> [YOUR GOAL]: Transcribe the data below verbatim from the line with "Pan profesor przedstawia" to the line with "Merkezi İzmir’de bulunan". Include both of those lines.

> [THE DATA]:
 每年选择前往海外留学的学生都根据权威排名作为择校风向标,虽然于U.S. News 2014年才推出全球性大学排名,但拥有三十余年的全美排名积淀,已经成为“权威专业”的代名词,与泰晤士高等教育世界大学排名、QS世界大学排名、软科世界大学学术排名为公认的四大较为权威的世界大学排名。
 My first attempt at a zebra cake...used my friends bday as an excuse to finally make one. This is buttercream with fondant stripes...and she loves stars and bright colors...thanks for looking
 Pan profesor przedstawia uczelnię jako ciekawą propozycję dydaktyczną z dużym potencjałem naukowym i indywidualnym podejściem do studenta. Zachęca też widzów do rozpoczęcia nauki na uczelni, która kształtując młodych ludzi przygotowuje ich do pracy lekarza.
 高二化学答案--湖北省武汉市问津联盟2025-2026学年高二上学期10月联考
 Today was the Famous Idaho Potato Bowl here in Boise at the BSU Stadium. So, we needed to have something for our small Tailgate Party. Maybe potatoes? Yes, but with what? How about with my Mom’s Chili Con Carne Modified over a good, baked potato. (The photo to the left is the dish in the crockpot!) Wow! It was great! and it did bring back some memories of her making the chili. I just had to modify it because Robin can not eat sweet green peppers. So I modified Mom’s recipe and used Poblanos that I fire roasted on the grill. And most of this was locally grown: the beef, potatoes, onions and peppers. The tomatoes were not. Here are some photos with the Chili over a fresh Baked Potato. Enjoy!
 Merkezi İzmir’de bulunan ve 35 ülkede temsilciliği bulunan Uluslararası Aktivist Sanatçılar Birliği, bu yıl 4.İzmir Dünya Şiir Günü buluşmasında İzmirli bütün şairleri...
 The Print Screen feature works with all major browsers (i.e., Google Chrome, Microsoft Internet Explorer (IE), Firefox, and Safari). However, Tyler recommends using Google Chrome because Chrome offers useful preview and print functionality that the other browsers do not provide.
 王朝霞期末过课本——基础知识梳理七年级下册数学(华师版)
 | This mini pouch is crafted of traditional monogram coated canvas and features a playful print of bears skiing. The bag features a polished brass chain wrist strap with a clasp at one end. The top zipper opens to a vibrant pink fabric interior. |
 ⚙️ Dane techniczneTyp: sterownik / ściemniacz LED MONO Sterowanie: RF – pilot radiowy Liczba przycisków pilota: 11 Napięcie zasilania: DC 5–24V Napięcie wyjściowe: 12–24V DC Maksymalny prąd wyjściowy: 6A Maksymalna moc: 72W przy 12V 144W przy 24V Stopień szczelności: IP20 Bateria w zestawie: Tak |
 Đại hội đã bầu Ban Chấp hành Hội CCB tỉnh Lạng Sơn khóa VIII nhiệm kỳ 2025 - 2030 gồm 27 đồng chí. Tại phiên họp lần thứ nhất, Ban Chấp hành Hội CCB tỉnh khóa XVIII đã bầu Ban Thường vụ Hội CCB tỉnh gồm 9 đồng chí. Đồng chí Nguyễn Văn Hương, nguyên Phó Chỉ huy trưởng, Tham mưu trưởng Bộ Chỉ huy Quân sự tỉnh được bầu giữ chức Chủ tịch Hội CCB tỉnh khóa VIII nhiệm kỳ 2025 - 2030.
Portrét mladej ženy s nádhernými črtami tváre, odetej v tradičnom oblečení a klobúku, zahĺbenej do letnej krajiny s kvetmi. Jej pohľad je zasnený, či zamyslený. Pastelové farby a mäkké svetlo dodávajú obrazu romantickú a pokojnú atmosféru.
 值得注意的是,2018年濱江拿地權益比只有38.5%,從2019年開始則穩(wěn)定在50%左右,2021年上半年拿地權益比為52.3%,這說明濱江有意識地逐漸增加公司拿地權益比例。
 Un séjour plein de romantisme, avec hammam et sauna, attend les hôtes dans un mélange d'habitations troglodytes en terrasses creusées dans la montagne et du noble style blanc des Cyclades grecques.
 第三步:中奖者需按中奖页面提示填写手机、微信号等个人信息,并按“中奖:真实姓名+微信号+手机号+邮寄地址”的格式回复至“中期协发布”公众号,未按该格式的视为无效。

> [TASK SOLUTION]:
 Pan profesor przedstawia uczelnię jako ciekawą propozycję dydaktyczną z dużym potencjałem naukowym i indywidualnym podejściem do studenta. Zachęca też widzów do rozpoczęcia nauki na uczelni, która kształtując młodych ludzi przygotowuje ich do pracy lekarza.
 高二化学答案--湖北省武汉市问津联盟2025-2026学年高二上学期10月联考
 Today was the Famous Idaho Potato Bowl here in Boise at the BSU Stadium. So, we needed to have something for our small Tailgate Party. Maybe potatoes? Yes, but with what? How about with my Mom’s Chili Con Carne Modified over a good, baked potato. (The photo to the left is the dish in the crockpot!) Wow! It was great! and it did bring back some memories of her making the chili. I just had to modify it because Robin can not eat sweet green peppers. So I modified Mom’s recipe and used Poblanos that I fire roasted on the grill. And most of this was locally grown: the beef, potatoes, onions and peppers. The tomatoes were not. Here are some photos with the Chili over a fresh Baked Potato. Enjoy!
 Merkezi İzmir’de bulunan ve 35 ülkede temsilciliği bulunan Uluslararası Aktivist Sanatçılar Birliği, bu yıl 4.İzmir Dünya Şiir Günü buluşmasında İzmirli bütün şairleri...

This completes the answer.